**EXERCISE DETAILS:** Taking the listing below, restate word for word each line from the line with "Утеплена пенополистиролом , имеет" to the line with "plastový povrch, LEIT", ends included, and stop there.

**EXCERPTED RECORDS:**

------------------------------------------------

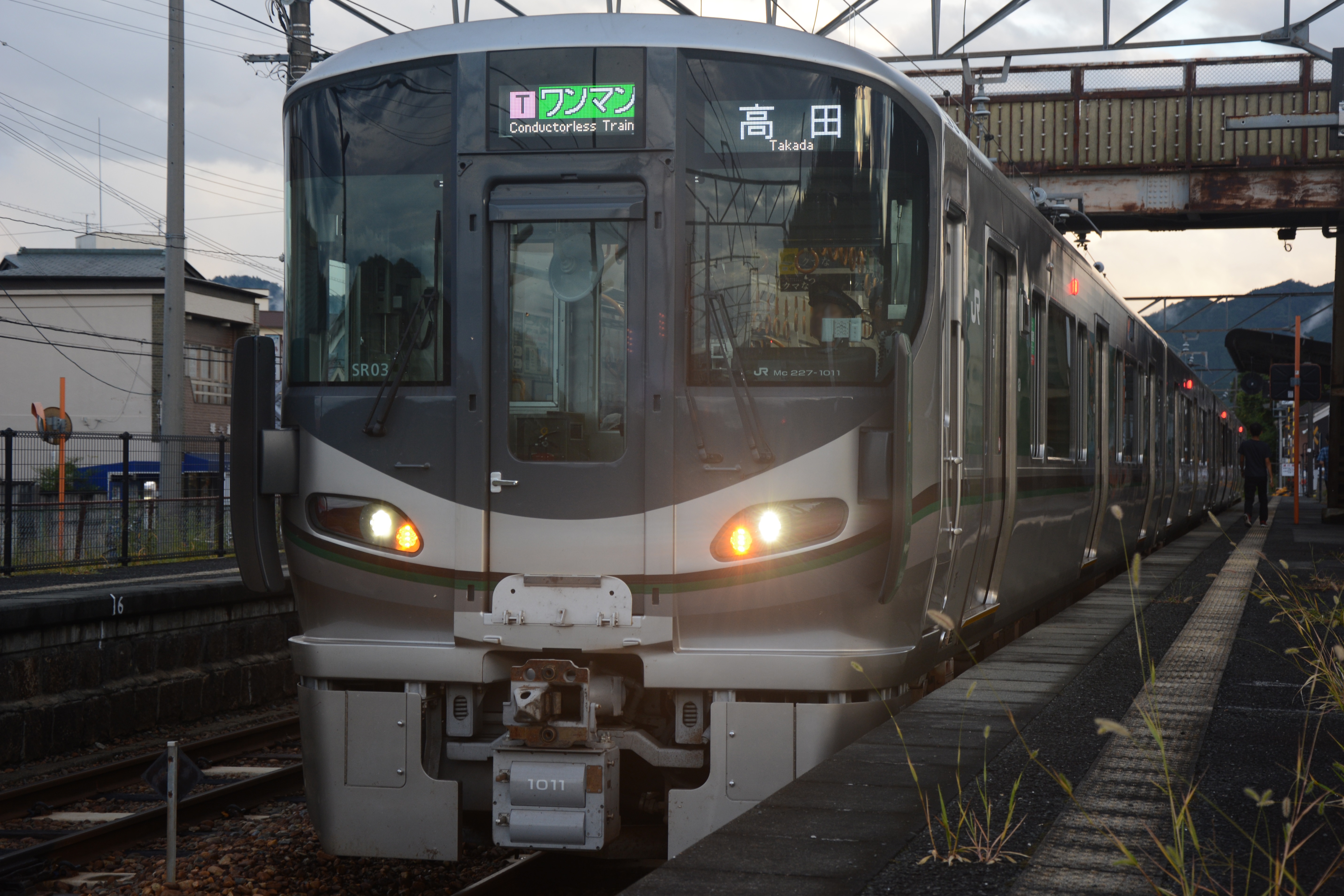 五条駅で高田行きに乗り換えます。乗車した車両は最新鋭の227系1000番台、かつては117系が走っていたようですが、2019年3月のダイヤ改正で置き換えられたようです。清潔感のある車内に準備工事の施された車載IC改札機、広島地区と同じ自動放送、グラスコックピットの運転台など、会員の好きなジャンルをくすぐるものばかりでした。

------------------------------------------------

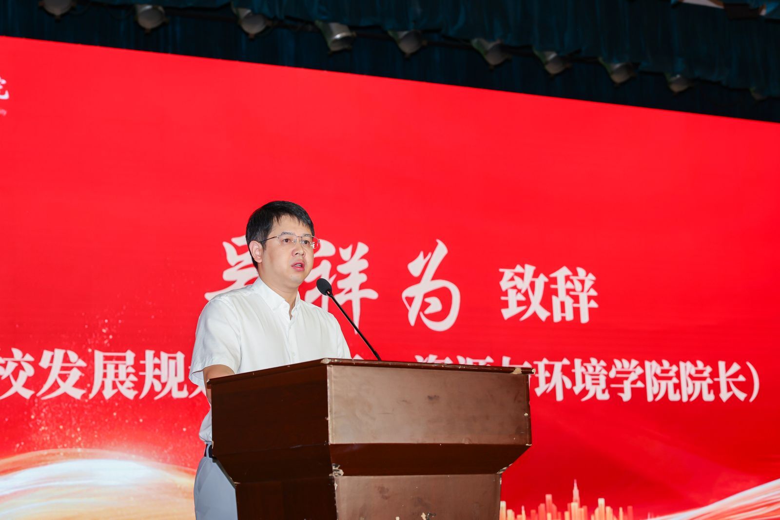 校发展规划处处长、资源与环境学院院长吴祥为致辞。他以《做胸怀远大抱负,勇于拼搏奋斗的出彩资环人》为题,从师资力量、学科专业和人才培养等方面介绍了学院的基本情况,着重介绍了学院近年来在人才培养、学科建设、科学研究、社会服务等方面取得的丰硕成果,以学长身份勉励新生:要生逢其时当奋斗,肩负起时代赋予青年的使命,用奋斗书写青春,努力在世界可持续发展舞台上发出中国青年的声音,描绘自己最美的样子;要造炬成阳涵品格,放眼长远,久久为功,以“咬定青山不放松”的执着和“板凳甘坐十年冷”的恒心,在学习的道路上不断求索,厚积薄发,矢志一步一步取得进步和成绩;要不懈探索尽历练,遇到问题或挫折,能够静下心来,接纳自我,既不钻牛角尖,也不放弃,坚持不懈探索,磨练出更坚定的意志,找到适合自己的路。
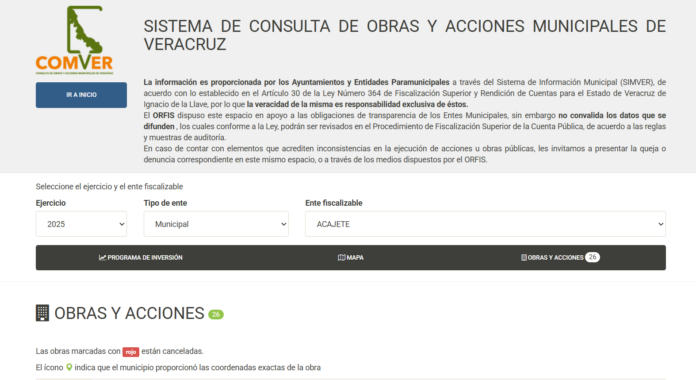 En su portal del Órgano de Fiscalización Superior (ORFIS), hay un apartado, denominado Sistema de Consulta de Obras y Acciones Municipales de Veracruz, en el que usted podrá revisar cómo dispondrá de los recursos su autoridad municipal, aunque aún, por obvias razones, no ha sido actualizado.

------------------------------------------------

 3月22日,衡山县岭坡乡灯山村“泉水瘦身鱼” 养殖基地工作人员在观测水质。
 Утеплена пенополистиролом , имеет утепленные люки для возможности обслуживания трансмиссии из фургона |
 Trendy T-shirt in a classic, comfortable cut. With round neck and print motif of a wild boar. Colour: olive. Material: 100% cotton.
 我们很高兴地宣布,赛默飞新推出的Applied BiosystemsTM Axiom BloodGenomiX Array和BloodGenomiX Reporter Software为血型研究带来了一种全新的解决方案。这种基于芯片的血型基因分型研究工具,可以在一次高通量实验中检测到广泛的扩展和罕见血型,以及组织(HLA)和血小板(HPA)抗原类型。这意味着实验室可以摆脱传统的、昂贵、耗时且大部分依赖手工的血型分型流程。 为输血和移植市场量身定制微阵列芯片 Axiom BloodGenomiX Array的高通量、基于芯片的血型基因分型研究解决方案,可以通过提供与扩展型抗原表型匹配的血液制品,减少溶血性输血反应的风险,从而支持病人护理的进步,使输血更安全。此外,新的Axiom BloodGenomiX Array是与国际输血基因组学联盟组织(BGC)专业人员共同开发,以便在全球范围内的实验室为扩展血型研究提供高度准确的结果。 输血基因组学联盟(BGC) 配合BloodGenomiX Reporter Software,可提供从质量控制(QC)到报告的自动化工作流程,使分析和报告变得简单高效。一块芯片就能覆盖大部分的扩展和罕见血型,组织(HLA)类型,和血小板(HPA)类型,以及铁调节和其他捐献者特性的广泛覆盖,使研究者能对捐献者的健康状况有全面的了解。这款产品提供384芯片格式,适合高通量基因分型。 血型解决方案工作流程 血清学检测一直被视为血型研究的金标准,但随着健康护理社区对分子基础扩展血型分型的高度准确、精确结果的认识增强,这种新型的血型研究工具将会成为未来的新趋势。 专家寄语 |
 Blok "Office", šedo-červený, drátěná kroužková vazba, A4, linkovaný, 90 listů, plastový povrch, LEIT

------------------------------------------------

**RESPONSE TO THE EXERCISE:**
 Утеплена пенополистиролом , имеет утепленные люки для возможности обслуживания трансмиссии из фургона |
 Trendy T-shirt in a classic, comfortable cut. With round neck and print motif of a wild boar. Colour: olive. Material: 100% cotton.
 我们很高兴地宣布,赛默飞新推出的Applied BiosystemsTM Axiom BloodGenomiX Array和BloodGenomiX Reporter Software为血型研究带来了一种全新的解决方案。这种基于芯片的血型基因分型研究工具,可以在一次高通量实验中检测到广泛的扩展和罕见血型,以及组织(HLA)和血小板(HPA)抗原类型。这意味着实验室可以摆脱传统的、昂贵、耗时且大部分依赖手工的血型分型流程。 为输血和移植市场量身定制微阵列芯片 Axiom BloodGenomiX Array的高通量、基于芯片的血型基因分型研究解决方案,可以通过提供与扩展型抗原表型匹配的血液制品,减少溶血性输血反应的风险,从而支持病人护理的进步,使输血更安全。此外,新的Axiom BloodGenomiX Array是与国际输血基因组学联盟组织(BGC)专业人员共同开发,以便在全球范围内的实验室为扩展血型研究提供高度准确的结果。 输血基因组学联盟(BGC) 配合BloodGenomiX Reporter Software,可提供从质量控制(QC)到报告的自动化工作流程,使分析和报告变得简单高效。一块芯片就能覆盖大部分的扩展和罕见血型,组织(HLA)类型,和血小板(HPA)类型,以及铁调节和其他捐献者特性的广泛覆盖,使研究者能对捐献者的健康状况有全面的了解。这款产品提供384芯片格式,适合高通量基因分型。 血型解决方案工作流程 血清学检测一直被视为血型研究的金标准,但随着健康护理社区对分子基础扩展血型分型的高度准确、精确结果的认识增强,这种新型的血型研究工具将会成为未来的新趋势。 专家寄语 |
 Blok "Office", šedo-červený, drátěná kroužková vazba, A4, linkovaný, 90 listů, plastový povrch, LEIT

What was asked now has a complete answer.